Si te ha gustado este libro…

Capítulo 1

 

 

Hubo un sonido de cristales rotos.

–¡Maldición! –siguió una voz femenina.

Logan levantó la vista de la carta que estaba firmando.

–¿Qué…?

El mismo ruido volvió a sonar.

–¡Maldición y maldición!

Logan dejó la pluma sobre la mesa y se dirigió hacia el lugar de donde procedía aquello: la sala de reuniones anexa a su despacho.

Él y un par de asociados habían estado allí discutiendo unos contratos mientras comían. La mesa estaba todavía llena de restos de comida, pero no parecía haber nadie en la habitación.

–Maldición y maldición y maldición –dijo una voz impaciente–. Ahora tendré que reemplazar esos dos vasos. ¡Ay! –la última onomatopeya fue una expresión de dolor.

Cada vez más intrigado, Logan rodeó la mesa hasta dar con una cabeza toda cubierta de pelo rojo. El misterio estaba resuelto: era la camarera que les había servido, una empleada del chef Simon. Logan no le había prestado mucha atención durante la comida, centrado como estaba en su discusión de negocios.

La chica se miró con el ceño fruncido la mano manchada de sangre.

–¿Se ha cortado? –le preguntó Logan.

La chica se levantó a toda prisa, sobresaltada, golpeando por tercera vez un vaso de cristal y lanzándolo por los aires.

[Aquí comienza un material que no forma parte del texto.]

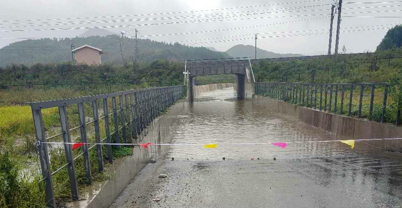 受第九號(hào)臺(tái)風(fēng)“美莎克”影響, 9月3日11時(shí)20分,連接黑龍江省著名旅游景點(diǎn)帽兒山景區(qū)的濱綏鐵路K96框構(gòu)橋,因持續(xù)強(qiáng)降雨導(dǎo)致周邊的山水倒灌,短短十幾分鐘積水半米多深水漫路面,危及行人和車輛通行安全。中鐵二十三局二公司哈牡電氣化項(xiàng)目部立即啟動(dòng)防汛應(yīng)急預(yù)案,安全員趙建國(guó)帶隊(duì)緊急趕往現(xiàn)場(chǎng),迅速封鎖框構(gòu)橋兩側(cè)道路,拉起警戒繩、設(shè)立告示板,勸返車輛和行人。

Logan se las arregló para cazarlo al vuelo y volverlo a dejar en su sitio.

–Mejor evitar que sean tres los que tenga que comprar –murmuró él y extendió la mano para agarrar la de ella–. ¿Es un corte profundo?

La chica retiró el brazo y se lo escondió detrás de la espalda.

–Siento haberlo molestado, señor McKenzie –dijo ella–. Estaba recogiendo y se me han caído dos vasos. Y… y…

Fuera lo que fuera lo que iba a decir se vio disuelto en un mar de lágrimas.

Logan se apartó de la chica atemorizado por aquel desatinado despliegue de emociones.

–Dos vasos no son para ponerse así. Seguro que el chef Simon no es un ogro tan terrible.

Logan llevaba un año trabajando con aquella compañía de catering, y no tenía la impresión de que el chef Simon fuera un hombre particularmente difícil.

Claro que no había visto a aquella chica antes, por lo que pensaba que, quizás, fuera nueva y temiera perder su trabajo.

–Puede decirle a su jefe que los he roto yo –dijo él en un intento de consolarla. No soportaba ver a las mujeres llorar.

Hacía solo un par de semanas había tenido que soportar el llanto rabioso y desesperado de Gloria, que se había tomado muy mal la noticia del final de su relación. Incluso le había lanzado un jarrón a la cabeza.

–No podría hacer eso –dijo la chica–. Se los pondría en la cuenta y eso no sería justo.

«Justo» no era una palabra que Logan oía muy a menudo, ni en los negocios ni en su vida personal. Además, el coste de un par de vasos no iba a arruinar a su multimillonaria compañía.

La chica se pasó la mano para quitarse las lágrimas y, sin darse cuenta, dejó un reguero de sangre sobre su rostro.

–¡Maldición! –murmuró frustrada al darse cuenta de lo que había hecho. Comenzó a rebuscarse en los bolsillos tratando de encontrar un pañuelo. No tuvo mucho éxito.

–Te gusta esa palabra, ¿verdad? –murmuró Logan y se detuvo a observarla por primera vez.

Era muy pequeña, apenas si le llegaba a la altura del hombro. Llevaba unos pantalones negros y una blusa color crema que enfatizaba su pelo rojo y largo. A primera vista parecía tener el rostro lleno de pecas, pero al mirarla con más detenimiento se observaba que solo tenía en las mejillas y en la nariz. Sus ojos eran grandes y grises, con espesas pestañas.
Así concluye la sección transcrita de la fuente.